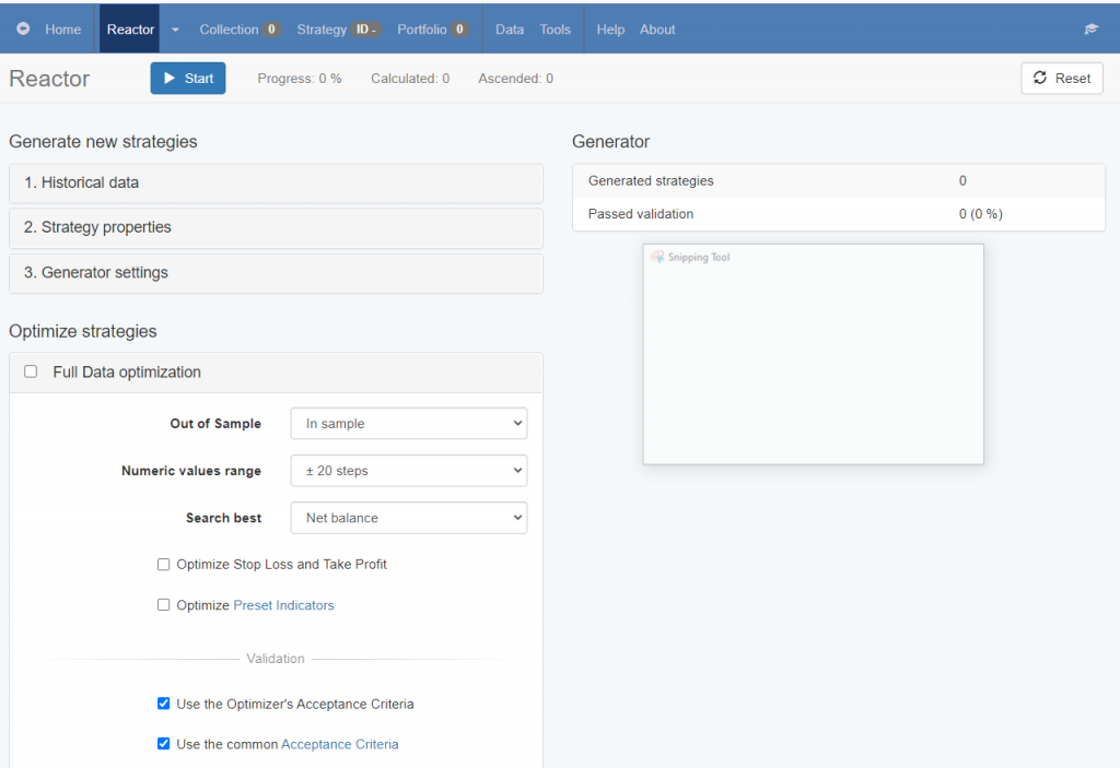 If you use the Reactor with Optimization on, it first creates new strategies with the corresponding Preset Indicators, but it is possible for the Optimizer to change their numeric parameters. This happens when the “Optimize Preset Indicators” option is enabled.
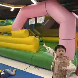 My brother prefers to wander around the two-meter-high climbing wall 🧗🏻♀️ and inflatable bouncy bed.
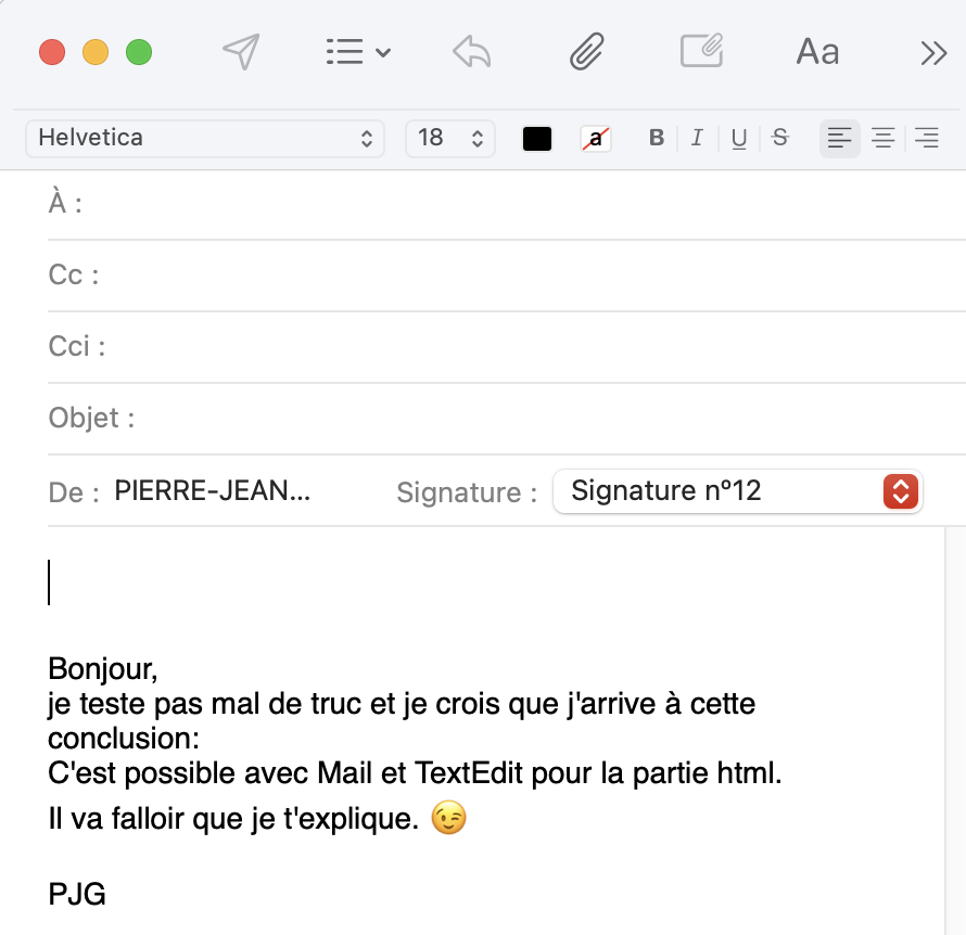 Ma question est la suivante: comment intégrer une signature électronique à la fin de mes mails étant donnée que c'est une signature html? J'ai un fichier html avec le code de ma signature (avec mes coordonnées, une photo, etc...) et cette dernière fonctionne sur Gmail, Mozilla Thunderbird etc... mais impossible de l'intégrer sur  Mail.
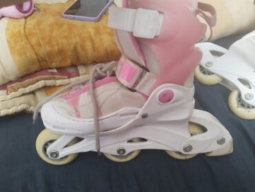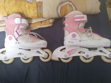 Dečije roleri – roze/beli, podesivi - Tip: inline roleri (4 točkića u

**PROBLEM TO WORK ON**
Give the data again word for word, without images.

**TASK OUTPUT**
 If you use the Reactor with Optimization on, it first creates new strategies with the corresponding Preset Indicators, but it is possible for the Optimizer to change their numeric parameters. This happens when the “Optimize Preset Indicators” option is enabled.
 My brother prefers to wander around the two-meter-high climbing wall 🧗🏻♀️ and inflatable bouncy bed.
 Ma question est la suivante: comment intégrer une signature électronique à la fin de mes mails étant donnée que c'est une signature html? J'ai un fichier html avec le code de ma signature (avec mes coordonnées, une photo, etc...) et cette dernière fonctionne sur Gmail, Mozilla Thunderbird etc... mais impossible de l'intégrer sur  Mail.
 Dečije roleri – roze/beli, podesivi - Tip: inline roleri (4 točkića u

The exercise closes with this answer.